→ Problem requirements
An exact copy of the data is needed, but without any of its images.

→ Supplied information
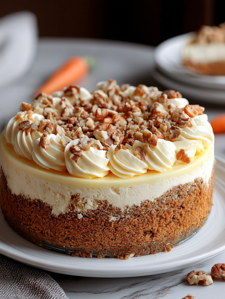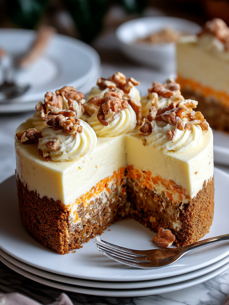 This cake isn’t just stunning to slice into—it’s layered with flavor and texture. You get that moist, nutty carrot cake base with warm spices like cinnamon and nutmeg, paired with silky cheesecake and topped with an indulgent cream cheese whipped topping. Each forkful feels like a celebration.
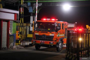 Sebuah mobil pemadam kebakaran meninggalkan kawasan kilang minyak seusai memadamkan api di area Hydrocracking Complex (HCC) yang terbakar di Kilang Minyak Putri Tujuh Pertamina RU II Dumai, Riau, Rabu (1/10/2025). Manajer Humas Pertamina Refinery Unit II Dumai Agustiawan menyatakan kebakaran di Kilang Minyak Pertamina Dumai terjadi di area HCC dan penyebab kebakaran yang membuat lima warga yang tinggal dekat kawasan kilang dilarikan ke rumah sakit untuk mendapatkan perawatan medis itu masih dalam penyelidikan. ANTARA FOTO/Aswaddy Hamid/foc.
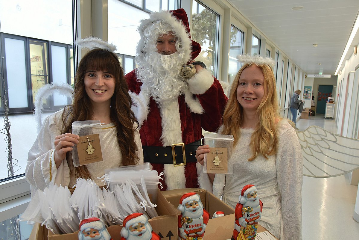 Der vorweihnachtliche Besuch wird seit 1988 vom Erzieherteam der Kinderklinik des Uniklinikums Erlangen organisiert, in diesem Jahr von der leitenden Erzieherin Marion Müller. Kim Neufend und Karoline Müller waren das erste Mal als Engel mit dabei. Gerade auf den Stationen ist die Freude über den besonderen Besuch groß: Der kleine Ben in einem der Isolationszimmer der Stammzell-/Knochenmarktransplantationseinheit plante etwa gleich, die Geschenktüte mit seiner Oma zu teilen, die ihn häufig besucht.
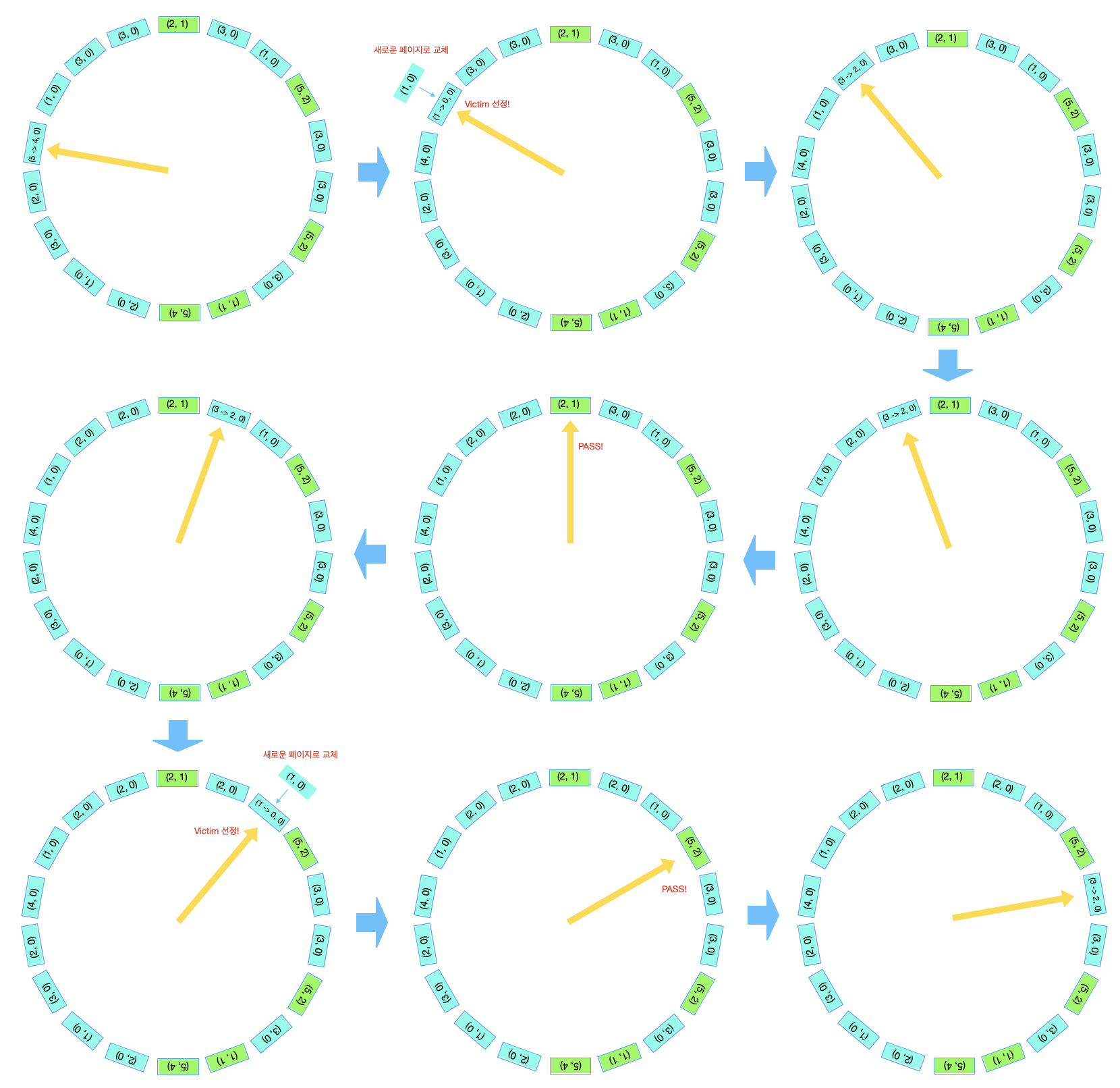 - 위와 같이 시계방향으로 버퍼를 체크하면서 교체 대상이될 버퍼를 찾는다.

→ Result for this exercise
 This cake isn’t just stunning to slice into—it’s layered with flavor and texture. You get that moist, nutty carrot cake base with warm spices like cinnamon and nutmeg, paired with silky cheesecake and topped with an indulgent cream cheese whipped topping. Each forkful feels like a celebration.
 Sebuah mobil pemadam kebakaran meninggalkan kawasan kilang minyak seusai memadamkan api di area Hydrocracking Complex (HCC) yang terbakar di Kilang Minyak Putri Tujuh Pertamina RU II Dumai, Riau, Rabu (1/10/2025). Manajer Humas Pertamina Refinery Unit II Dumai Agustiawan menyatakan kebakaran di Kilang Minyak Pertamina Dumai terjadi di area HCC dan penyebab kebakaran yang membuat lima warga yang tinggal dekat kawasan kilang dilarikan ke rumah sakit untuk mendapatkan perawatan medis itu masih dalam penyelidikan. ANTARA FOTO/Aswaddy Hamid/foc.
 Der vorweihnachtliche Besuch wird seit 1988 vom Erzieherteam der Kinderklinik des Uniklinikums Erlangen organisiert, in diesem Jahr von der leitenden Erzieherin Marion Müller. Kim Neufend und Karoline Müller waren das erste Mal als Engel mit dabei. Gerade auf den Stationen ist die Freude über den besonderen Besuch groß: Der kleine Ben in einem der Isolationszimmer der Stammzell-/Knochenmarktransplantationseinheit plante etwa gleich, die Geschenktüte mit seiner Oma zu teilen, die ihn häufig besucht.
 - 위와 같이 시계방향으로 버퍼를 체크하면서 교체 대상이될 버퍼를 찾는다.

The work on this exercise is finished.